El resurgir de un club emblemático
:format(webp):quality(40)/https://lvdsjcdn.eleco.com.ar/Media/202110/Imagec25551cf438149b2bfe94a2418ab3050.jpg)
Alumni está de vuelta. El tradicional barrio Sarmiento celebra este retorno. También la ciudad en su conjunto. Porque no solo es la renovada vigencia de una entidad que supo conseguir muchos laureles. Es también un signo de que es posible el resurgir de todos los clubes de barrio que hoy permanecen "dormidos", cuya función social sigue siendo imprescindible.
El pasado deportivo de la ciudad de San Francisco es muy rico en cualquier disciplina en la que se intente la rememoración de duelos históricos, rivalidades, deportistas y atletas de excepción y convocatoria del público, entre otras facetas. Los protagonistas de esas épocas doradas defendían los colores de tradicionales clubes, representativos de distintos sectores barriales y sociales. Y lo hacían con el orgullo que daba la pertenencia.
El rico historial de clubes de barrio sanfrancisqueños no solo se vincula con los logros deportivos y los enormes jugadores que -en todas las disciplinas- se destacaron. Tiene también sus fundamentos en que las instituciones fueron espacios de encuentro y socialización para los vecinos. Lo siguen siendo hoy, aunque las nuevas lógicas de organización social, las recurrentes crisis económicas y la falta de dirigentes idóneos determinaron que varias entidades desaparecieran o corrieran serio riesgo de dejar de existir.

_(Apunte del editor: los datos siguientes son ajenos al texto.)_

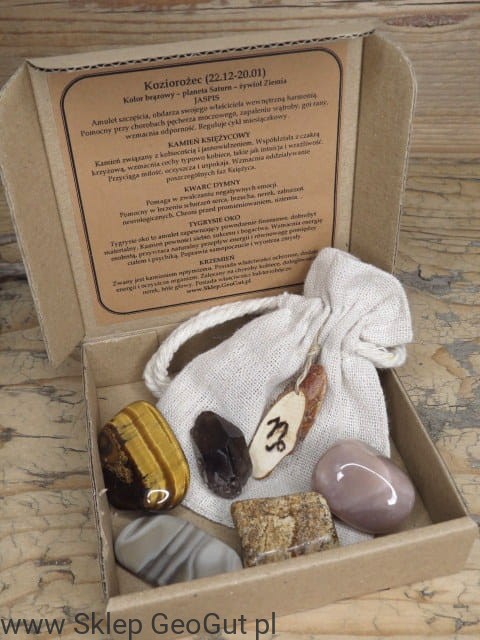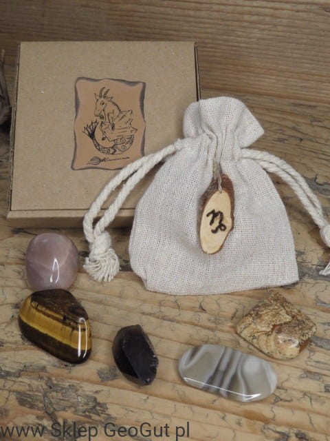 Saszetka z kamieniami zodiakalnymi dobranymi odpowiednio dla danego znaku.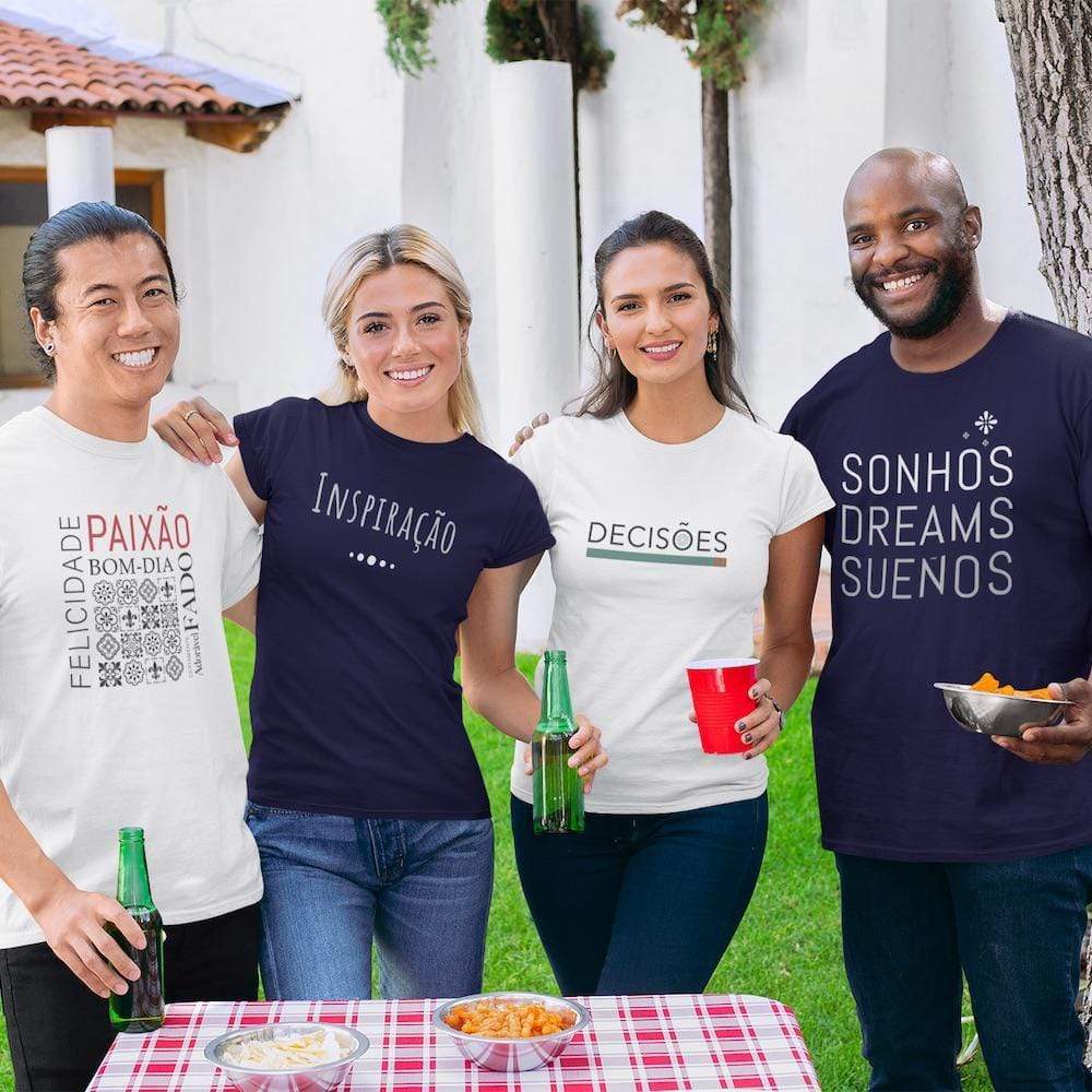 Tee-shirt bleu marine pour femme, de coupe moderne et cintrée, avec une illustration exclusive créée pour Luisa Paixão. L'illustration est composée du mot "Inspiracão" (Inspiration en portugais)

Cualquier vecino memorioso podrá recordar varios nombres de nuestros clubes que han sucumbido. Y los de varios más que se mantienen en una especie de estado vegetativo. Este panorama determinó que aquellos sólidos sentimientos de identificación se vayan perdiendo. Y que también las nuevas generaciones no encuentren ese espacio tan singular del club para integrarse socialmente, para aprender los valores de la convivencia y recrear las tradiciones de la comunidad.
Por todo
ello, la aparición de una nota en el suplemento deportivo de este diario
devolvió la esperanza de que, ajustándose a los tiempos que se viven, es
posible que algunas de esas queridas instituciones sanfrancisqueñas resurjan y
vuelvan a cumplir ese rol insustituible en el que se comparte la experiencia y
se propagan los principios que forjan personas sanas y comprometidas con su
entorno.

Estamos hablando de la revitalización que, en estos últimos tiempos, ha tenido el Club Atlético Alumni, una de las insignias más representativas que fue defendida por grandes figuras del deporte de nuestra ciudad. Por el trabajo entusiasta de un núcleo de personas que creció dentro de la institución, se está pudiendo recrear aquel espíritu de club barrial por el que se destacó en sus casi 90 años de existencia. Una tarea nada sencilla en virtud de que la entidad de calle Gerónimo del Barco estuvo en aquel estado vegetativo señalado, con el consecuente deterioro de sus instalaciones y la mora en la presentación de los documentos necesarios para recuperar su personería, entre otras cosas.
De a poco, y es de esperar que, sin pausas, Alumni está de vuelta en el ambiente deportivo sanfrancisqueño. El tradicional barrio Sarmiento celebra este retorno. También la ciudad en su conjunto. Porque no solo es la renovada vigencia de una entidad que supo conseguir muchos laureles. Es también un signo de que es posible el resurgir de todos los clubes de barrio que hoy permanecen "dormidos", cuya función social sigue siendo imprescindible.